According to city records, Powell was hired in November 2017 as a $56,000-a-year executive secretary for Minority Business Development Director Paul E. Taylor.

In 2019, Powell was made a program manager at the small office, and his salary was upped to $90,000.

On March 17, 2020, during the early stages of the Covid pandemic, Powell was given permission – apparently by Taylor (the approval signature has been redacted) – to perform 100% of his work from home.

In accepting the agreement, Powell agreed to work at his home office between 8 a.m. and 4 p.m., Monday-Friday.

In approving the agreement, the agency director certified that “service delivery to internal and external customers” would not be affected by Powell’s absence from the office, that all “operational requirements will be met” and that the employee’s most recent evaluation showed satisfactory job performance.
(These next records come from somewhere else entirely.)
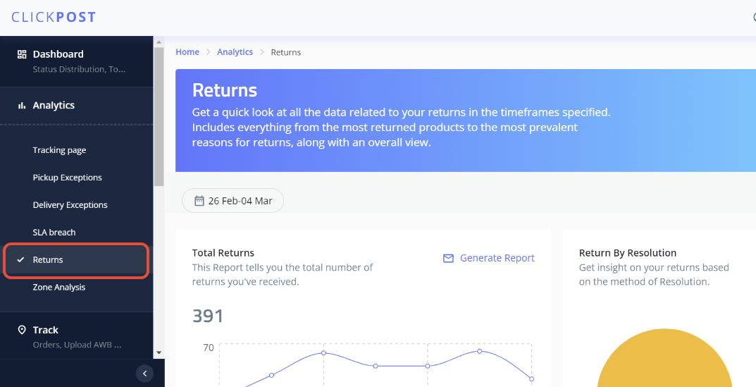 We have a dedicated section on the ClickPost dashboard's Analytics page where you can quickly review all the information pertaining to your returns within the designated time periods.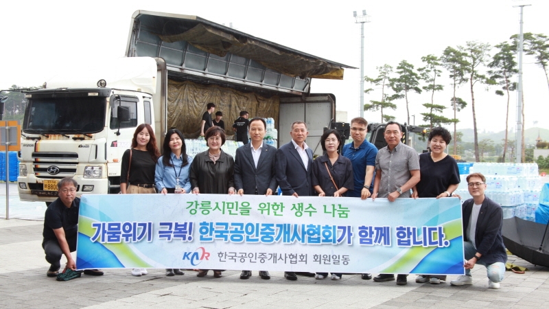 한국공인중개사협회가 극심한 가뭄으로 어려움을 겪고 있는 강릉 지역에 긴급 구호 물품을 지원했다. 협회는 8일 회원들의 자발적 참여로 마련한 생수 1만1000병을 강릉시민과 회원들에게 전달했다고 밝혔다.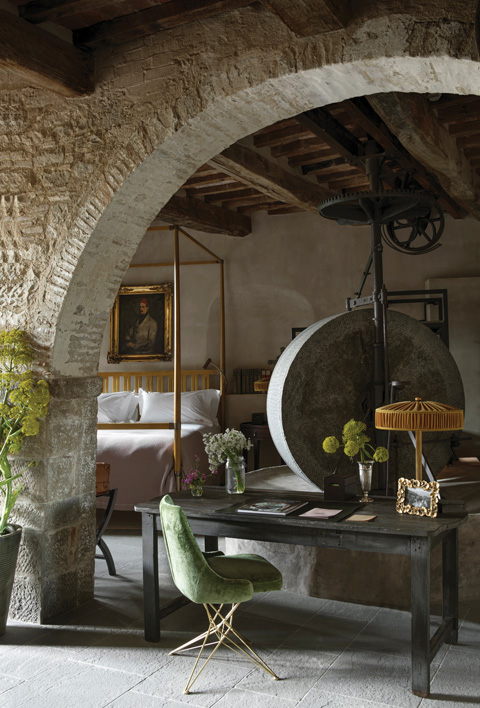 Far beyond the noise of cities, deep within the green hush of Umbria’s countryside, sleeps a castle, where curlicued vineyards thread through the mist that drapes the hills each morning.

In October 2021, while still working 100% from home and with a salary now upped to $92,250 a year, Powell applied for a job at city schools.
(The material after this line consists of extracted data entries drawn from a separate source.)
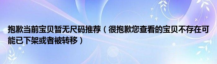 关于抱歉当前宝贝暂无尺码推荐,很抱歉您查看的宝贝不存在可能已下架或者被转移这个很多人还不知道,今天菲菲来为大家解答以上的问题,现在让我们一起来看看吧!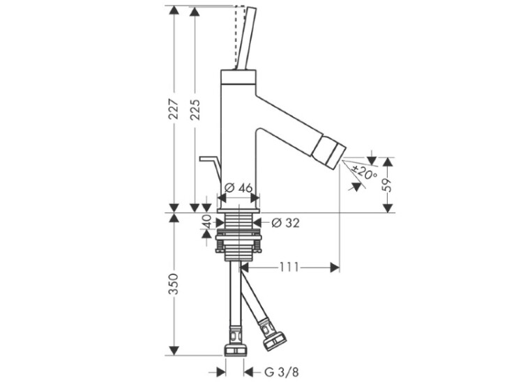 Смеситель для биде, Hansgrohe, Axor Starck, тип открывания воды-однорычажный, тип регулирования воды-керамический узел смешивания, отверстия для монтажа-1, высота, мм-225, вынос излива, мм-111, вид ручки-джойстикового типа, донный клапан-есть, тип подводки-гибкая, стандарт подвода воды-3/8", цвет-хром Смеситель для биде, Hansgrohe, Axor Starck, цвет-хром
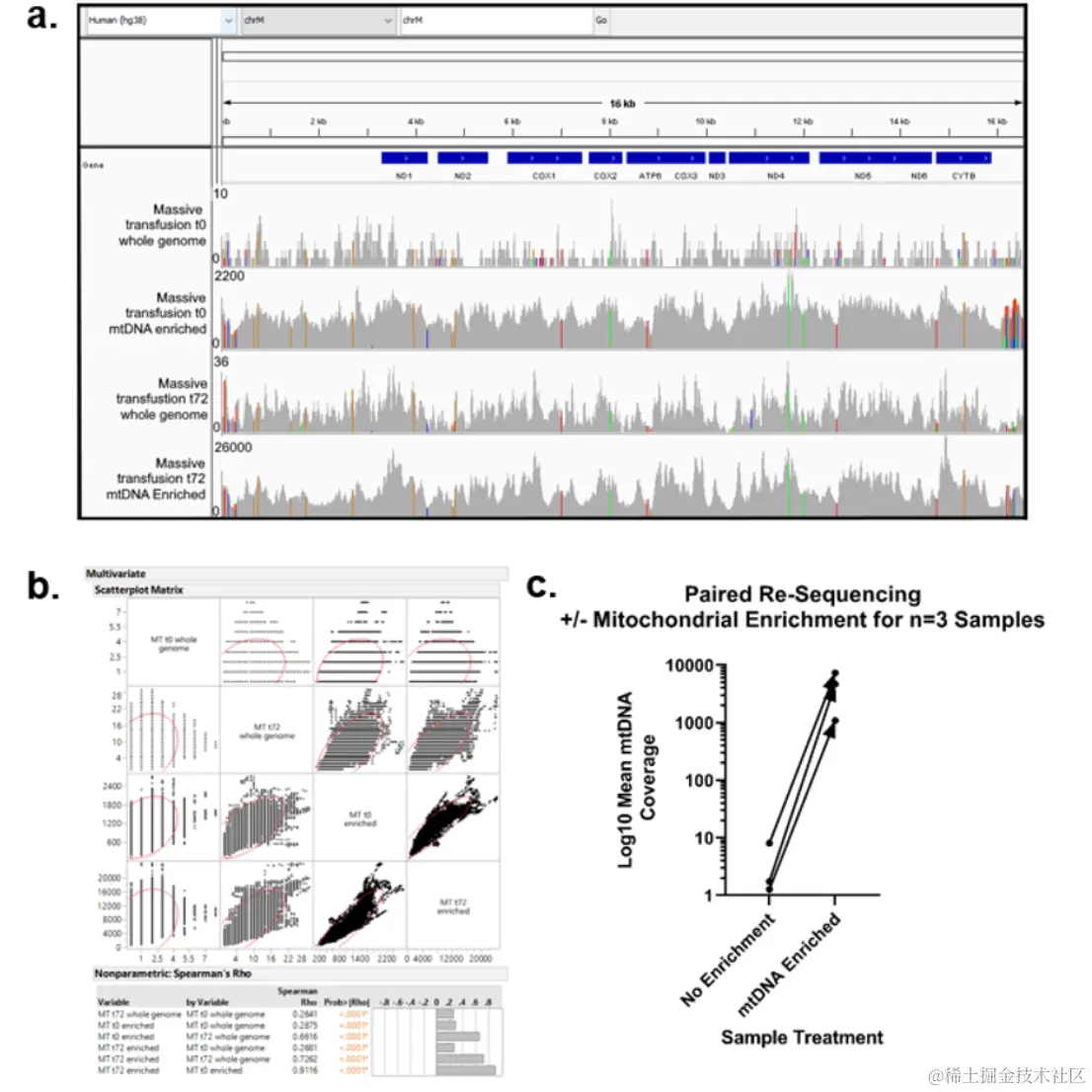 血浆中线粒体 DNA (mtDNA) 片段的存在是一种促炎损伤相关分子模式 (DAMP),与多种人类疾病的结果呈正相关。由于 mtDNA 仅占血浆中总 DNA 的一小部分,因此通常采用 qPCR 作为分析策略。然而,这种方法几乎无法深入了解循环 mtDNA 片段的序列起源或其他特征。在该研究中,研究者发现,对来自严重受伤患者的血浆 mtDNA 进行靶向捕获,可以富集约 1400 倍,从而为NGS提供了足够的深度。该方法使用严格的比对和过滤策略排除核线粒体插入 (NUMT),该策略调用并量化参考基因组中的 NUMT 和多态性 NUMT。富集后,对 mtDNA 基因组的平均覆盖度进行了 2,000–60,000 ×的测序。将 mtDNA 丰度标准化为 NUMT 覆盖率可减少批次变异性。该方法能够检测低频异质变体。

“Congratulations, your assignment has been approved by the Board of School Commissioners to be made effective March 14, 2022” Powell was told while he worked for the city.

On February 24, 2022, he was hired as special assistant to Chief Schools Technology Officer Jones.

“Congratulations, your assignment. . . has been approved by the Board of School Commissioners to be made effective March 14, 2022.

“Your annualized salary will be $116,743. The position is not affiliated with any bargaining unit. You will receive benefits associated with this unaffiliated position,” wrote Interim Chief Human Capital Officer Sarah Diehl.

Boss Knew in August

Assigned to oversee daily operations at the technology office and act as a liaison with school personnel, Powell was initially scheduled to be physically present at the North Avenue office five days a week.

But in May 2022, his schedule changed to working three days in the BCPSS offices and teleworking from home on Wednesdays and Fridays, says the OIG report.

Over those same work hours, he teleworked for the city, required to participate in two virtual meetings, “each lasting approximately one hour,” during a typical workweek, the report says.

“In addition to the weekly meetings, the employee was responsible for administrating the [minority business] website and internal databases,” Cumming wrote.

In August 2022, Powell’s boss became aware that he had a secondary job, but was assured by Powell that the employment “would not interfere with their work schedule or duties” for the city.

City: No Changes Needed

It was not until October 2022, after the OIG received a complaint and opened an investigation, that the minority development director “confronted” Powell. He immediately resigned from the city, while remaining on the schools payroll.

In a written response to the OIG report, Baltimore’s chief human capital officer, Quinton M. Herbert, defended the city’s current telework and secondary employment policies.

“While the Telework Policy does not explicitly address concurrent work, it does provided safeguards to ensure that employees working remotely are performing city business during scheduled work hours from a designated remote location in the same manner that they would if they reported to a city installation,” Herbert wrote.

The “spirit” of city policies calls for “employees not be compensated twice for working simultaneously,” says Baltimore’s Chief Human Capital Officer.

And regarding secondary employment, Herbert said that “although [city policy] does not explicitly state the prohibitions for concurrent employment between a non-city agency and a city agency, the spirit of the policy is that employees should not be compensated twice for working simultaneously.”

Had Powell not immediately resigned while the IG investigation was underway, his conduct would have “merited discipline,” Herbert said.

As it stands, the Scott administration has not tried to claw back the $35,666 Powell was paid by the city while he concurrently pocketed $68,689 from the school system.